Galleycat ran the letter from ABA’s Teicher to Bezos, and the New York Observer linked to it.

Bookseller Responses

It seemed that as soon as news of the Amazon app was released, booksellers flooded social media with a collective “oy!”

Jarek Steele of Left Bank Books responded cleverly to the app announcement in the blog post “This is the Part Where Amazon Jumps the Shark” or “Go Forth and Destroy Your Community Sayeth Amazon”and then again to the negative Slate article with Them’s Fightin’ Words: Slate Magazine’s Misguided Rant Against Bookstores.

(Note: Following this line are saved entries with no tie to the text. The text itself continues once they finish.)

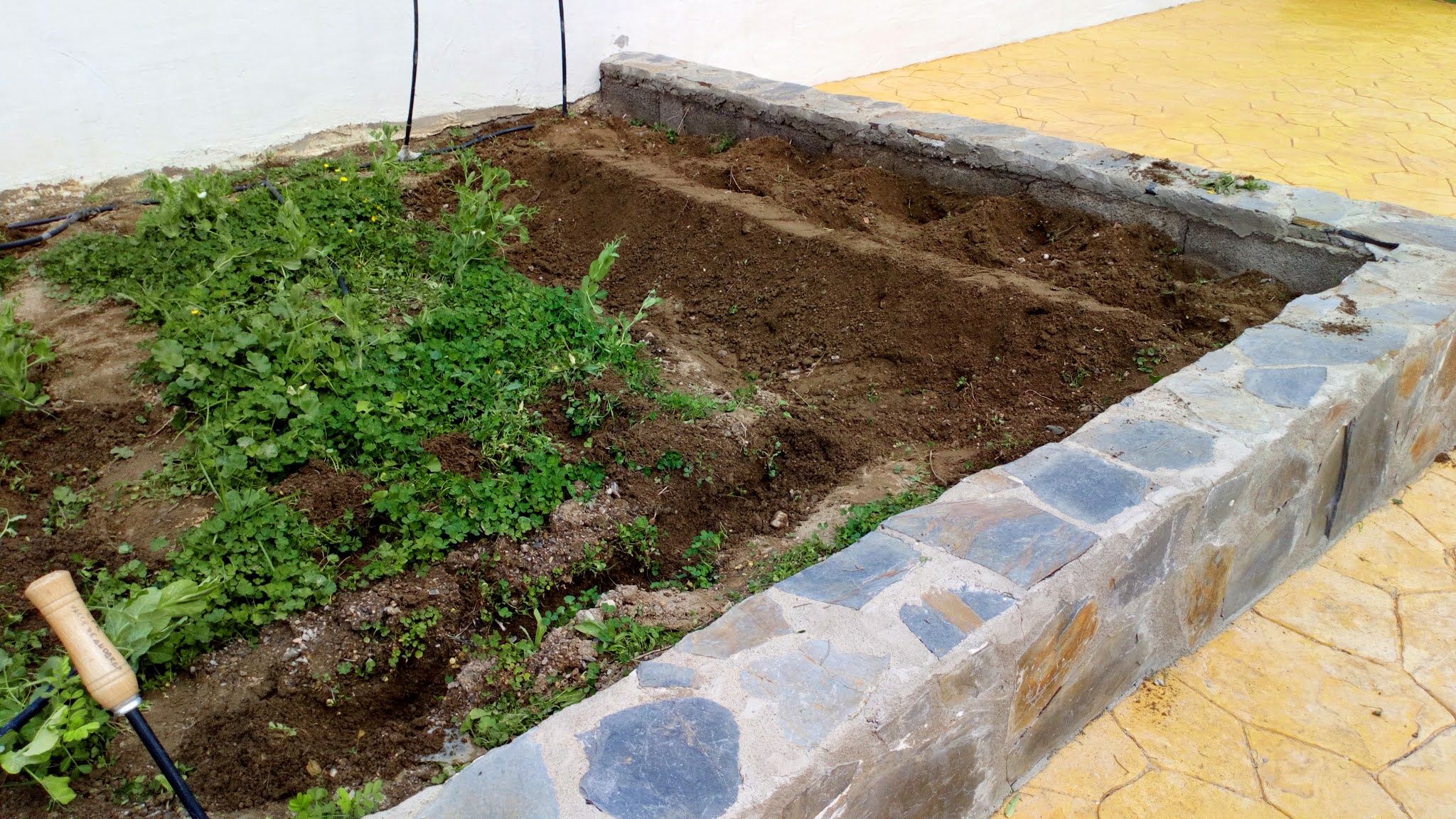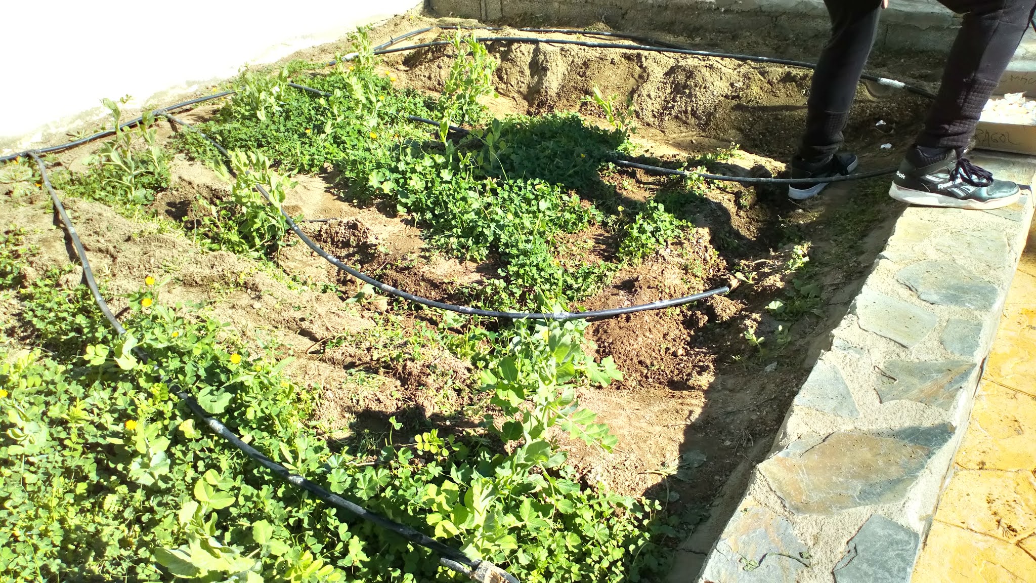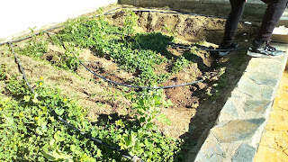 También, antes de Navidad hicimos unas regatas para aprovechar más el agua que se escapa del riego por goteo. Las probamos un poco y parece que han dado resultado. Las seguiremos probando conforme vayamos regando. Ya os contaremos.
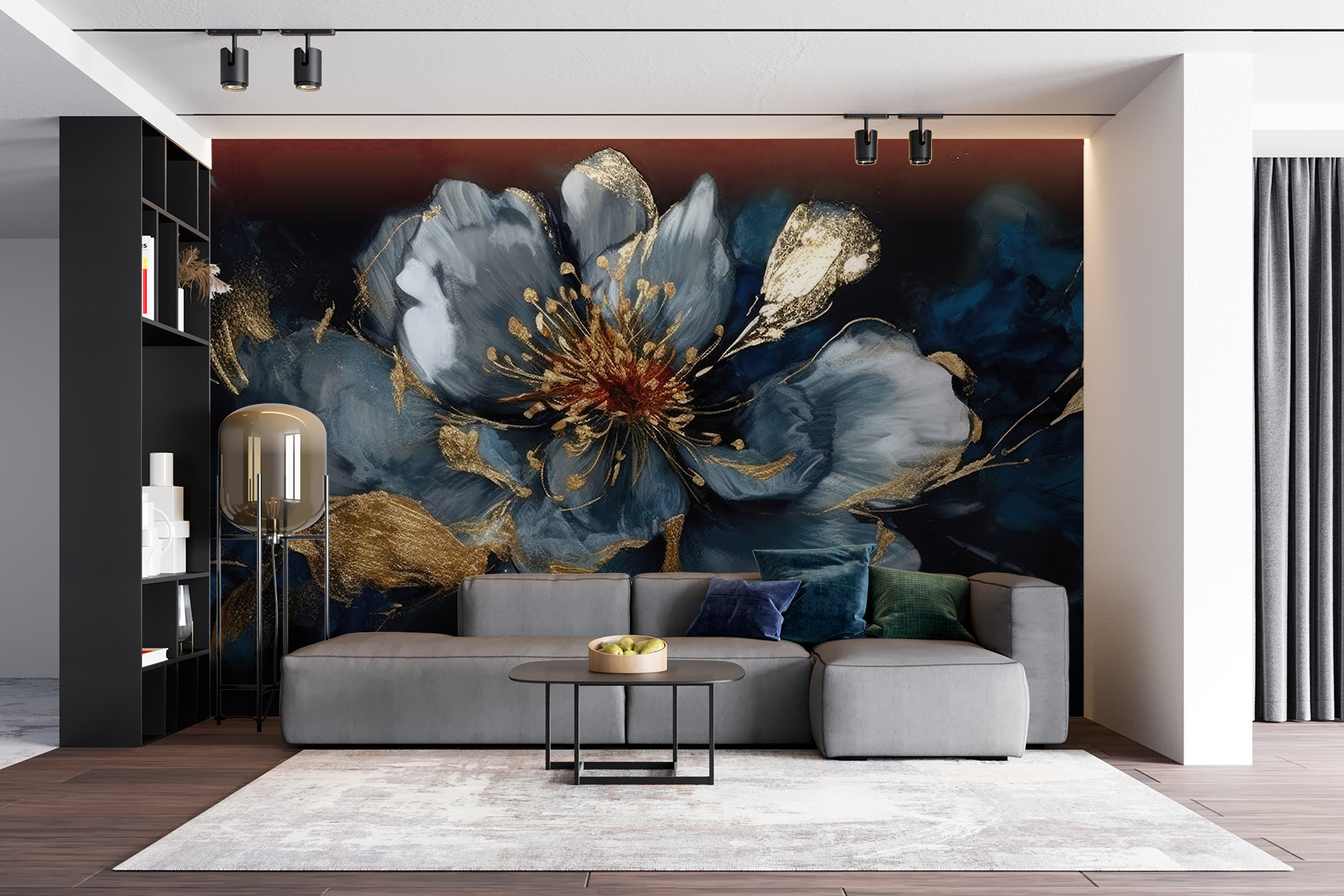 ¿Quiere añadir un toque de elegancia a su espacio? Echa un vistazo a este impresionante mural, “Elegante abstracto floral en tonos oscuros”. Tiene un aire hermoso y taciturno que es perfecto para dar a cualquier habitación un aire sofisticado y artístico. Imagínatelo detrás del sofá o de la cama: cada pétalo resalta, ¿verdad?
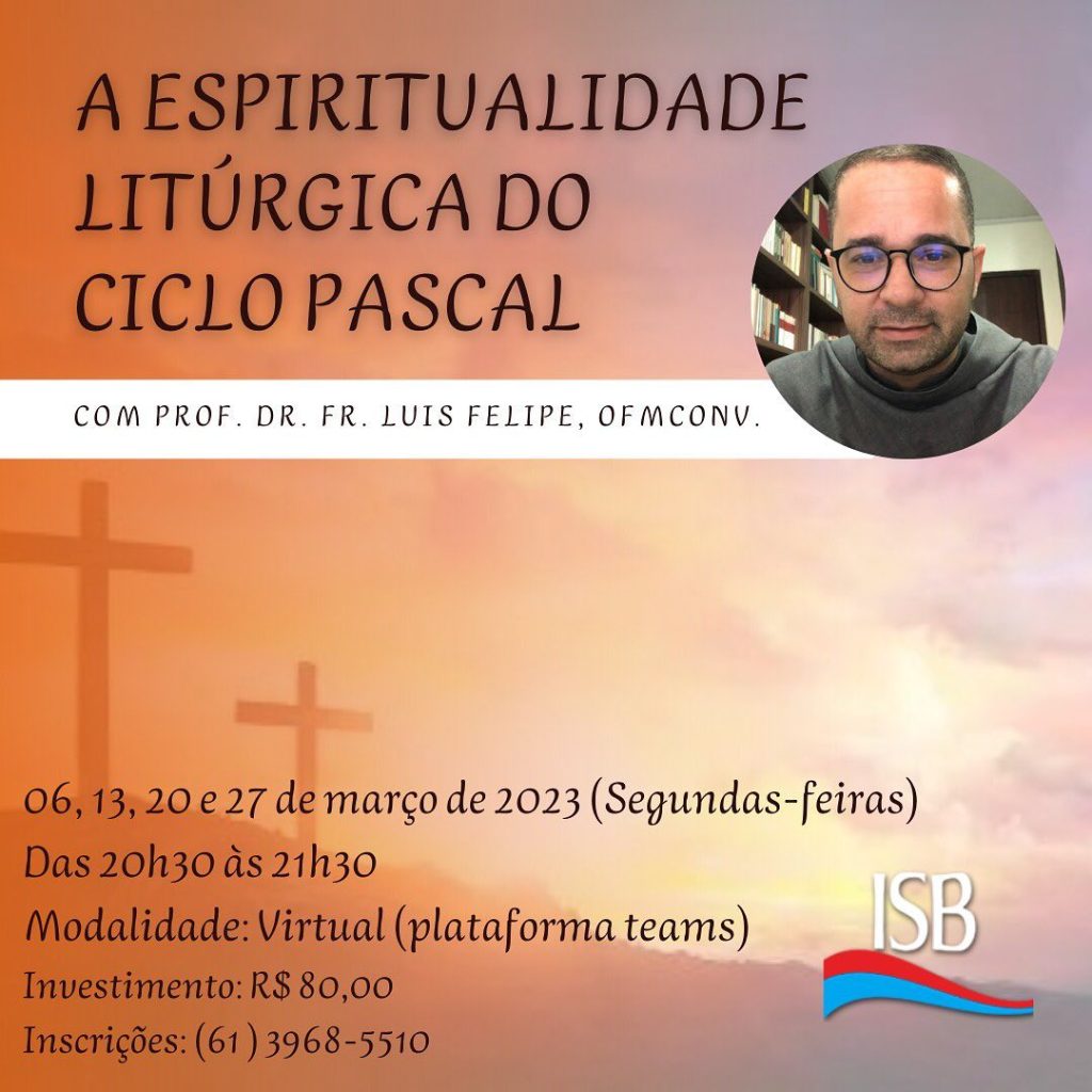 O ISB promove neste ano uma formação litúrgica on-line sobre a “espiritualidade do ciclo Pascal” (quaresma, Páscoa e Pentecostes), com o nosso prof. Dr. Fr. Luis Felipe (OFMConv.). O curso é aberto a todos. Faça a sua inscrição pelo nosso telefone (61) 3968-5510 ou pelo e-mail secretaria@isb.org.br Nos dias do curso (06, 13, 20 e […]
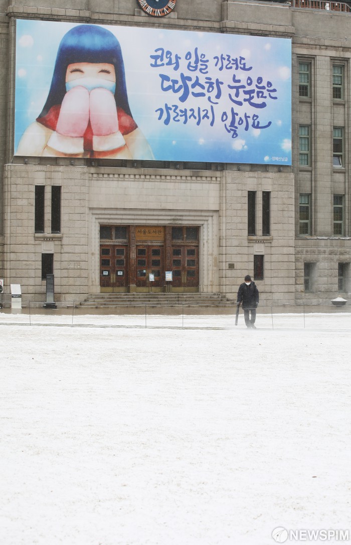 [서울=뉴스핌] 최상수 기자 = 서울에 한파주의보가 발령된 16일 오전 서울 중구 서울시청 앞 광장에서 시 관계자들이 쌓인 눈을 치우고 있다. 2021.02.16 kilroy023@newspim.com
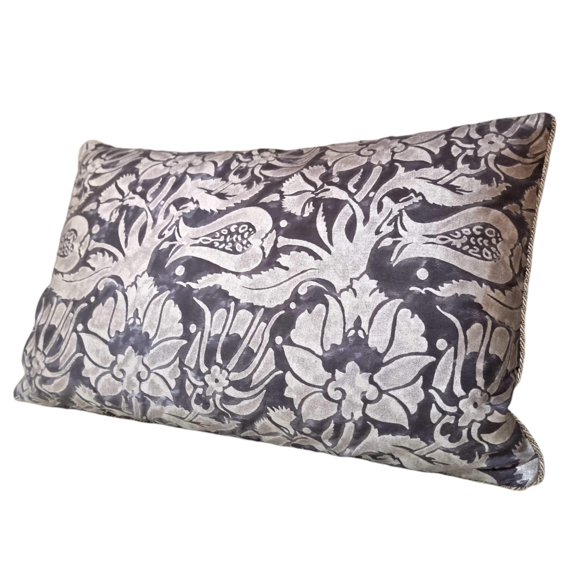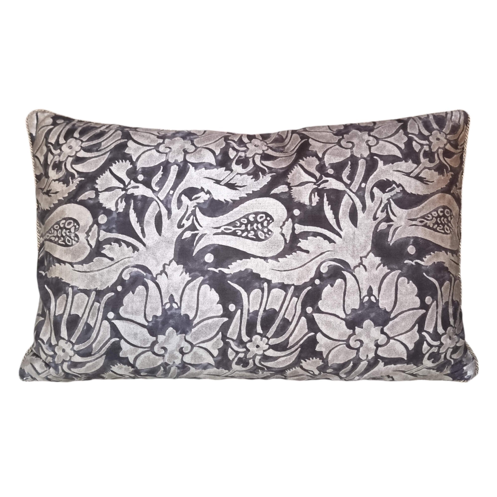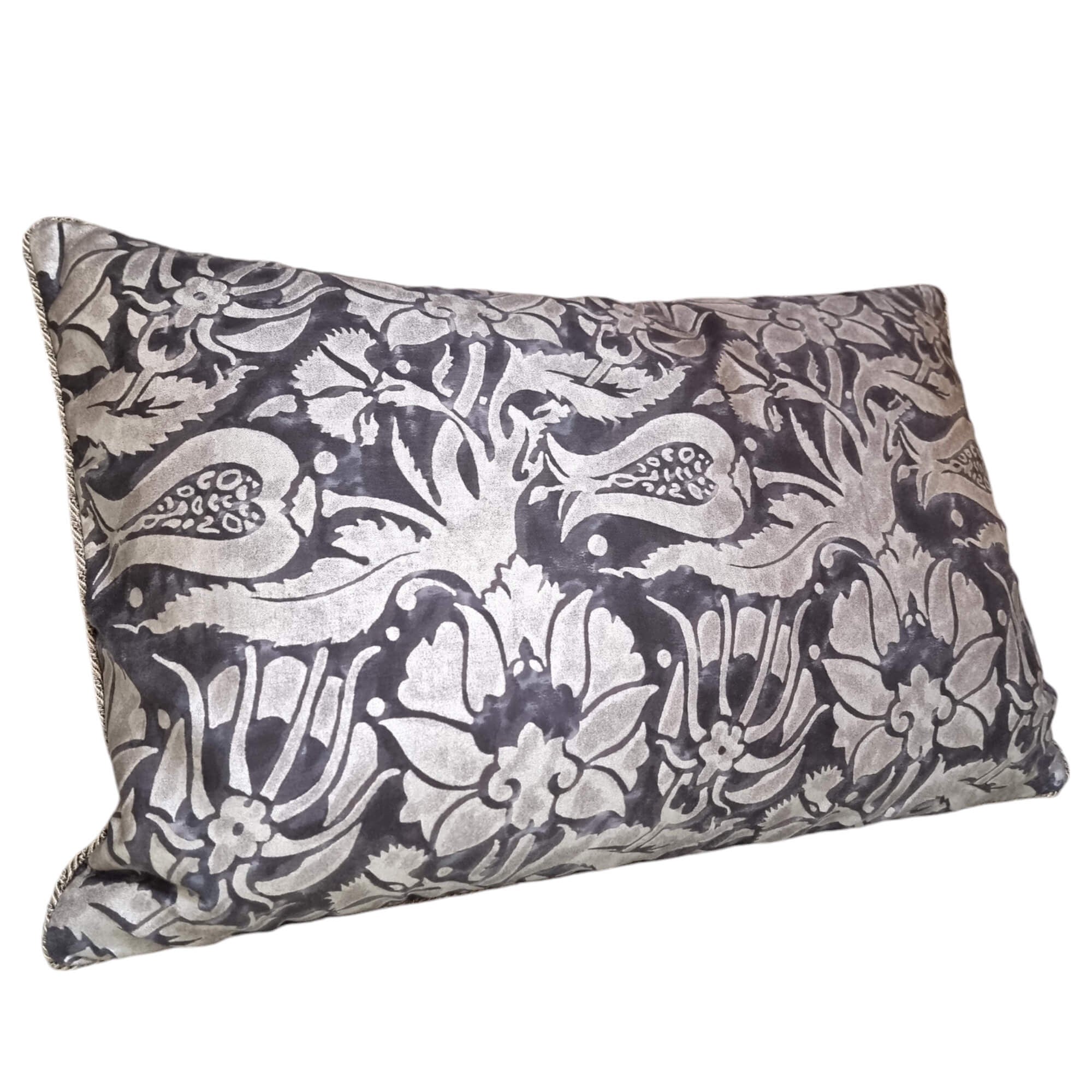 Handmade Decorative Pillow Made With Fortuny Fabric – Black & Silver Melagrana Pattern
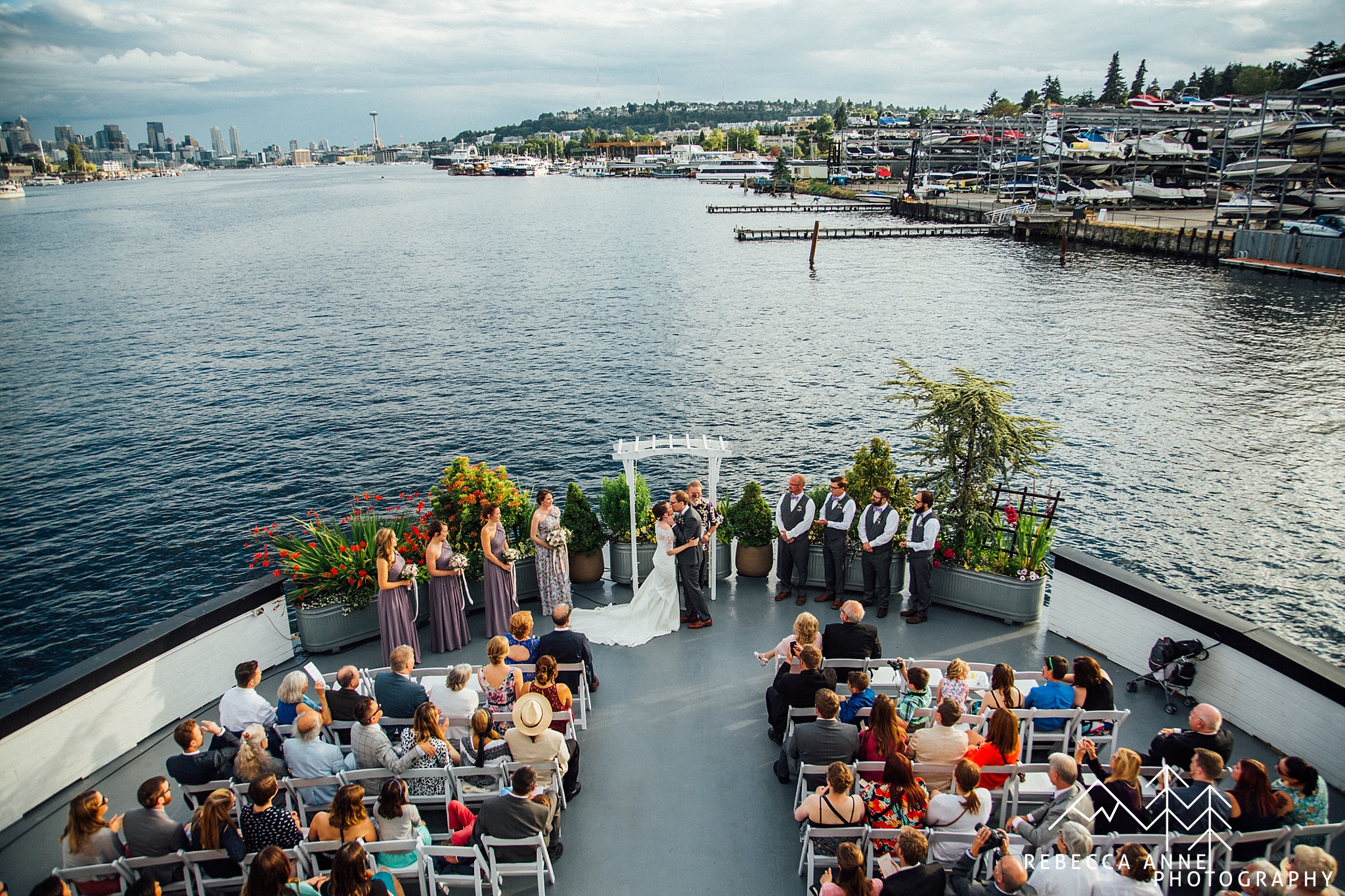 The MV Skansonia is an amazing waterfront venue that used to be a ferry turned into a wedding venue that is permanently docked on North Lake Union with panoramic views of Seattle, Washington. It has vintage nautical decor and award-winning catering. They can accommodate 125 guests with an outdoor ceremony on the bow followed by dinner inside the boat.

Another clever bookseller retort came from Roxanne Coady of R.J. Julia Booksellers in Madison, Connecticut. Her “A Modest Proposal for Amazon“ ran in Publishers Weekly.

Sue Kowalski of The Bookstore in Glen Ellyn, Illinois, invited readers to “Come to The Bookstore and enjoy free cup of coffee when you pledge not to support a #bully. #dearjeffbezos@justbooks.”

Kowalski retweeted this from Sherman Alexie: “If I wrote a book titled ‘F*ck Amazon.com,’ how many digital copies would it sell?”

Constellation Books in Reisterstown, Maryland, tweeted, “It’s not just me — see the ABA’s feisty response to Amazon — news.bookweb.org/news/aba-respo…#DearJeffBezos#ShopLocal#ReadLocal#OccupyAmazon

On the Seattle Mystery Bookshop blog, JB Dickey said supporting Amazon is like cheering for the Empire and Lord Vader when the Death Star destroys Alderan.

In his blog post Leveling the Playing Field With Amazon, Bob Spear noted that “Amazon seems to always choose the underhanded way in their business model.”

Andrea Vuleta listed “what I love and what I cannot get from my Internet experience“ on the Mrs. Nelson’s Toy and Book Shop blog. 

Janet Blevins of Knight Equestrian Books in Edgecomb, Maine, sent a letter of complaint to Marketplace at American Public Media, which invited listeners to browse information about music selections and then buy them via Amazon, and she included Teicher’s letter.

Writer and bookseller Emma Straub of Brooklyn’s Book Court wrote about the bad business of using a bricks-and-mortar store to buy online for Time in “Browse at a Bookstore, Buy at Amazon: The Evil of Showrooming.”

In a letter to customers of Eagle Eye Bookshop in Decatur, Georgia, Charles Robinson points readers to the Occupy Amazon Facebook page and answers the question: “What can we do for you that Amazon can’t?” with a long list, including “We have real, live people that you can interact with (try talking to an online Amazon rep about the books you love).”

On her blog, Books in Northport, Pamela Grath of Dog Ears Books in Northport, Michigan, said that in the indie bookselling world, “we believe every town deserves a bookstore, and we want all county bookstores to succeed.”

The San Francisco Chronicle picked up a blog posting by Northern California Independent Booksellers Association Executive Director Hut Landon in which he explained: “This is Amazon's latest effort to expand its market at the expense of local businesses that nurture and support neighborhoods and communities throughout the state — the same businesses that collect sales taxes that fund our schools, police and firefighters, state and local services and more.”

In Letter to the Editor of the Salt Lake Tribune, featured in this week’s BTW, Betsy Burton, co-owner of The King’s English Bookshop in Salt Lake City, wrote: “Amazon has become positively cartoonish in its attempts to take over the book industry.”  

And finally, in addition to creating wonderful Occupy Amazon swag, Diesel offered a resounding reason why so many love to love their local: Because Amazon can’t keep you warm on a Friday night.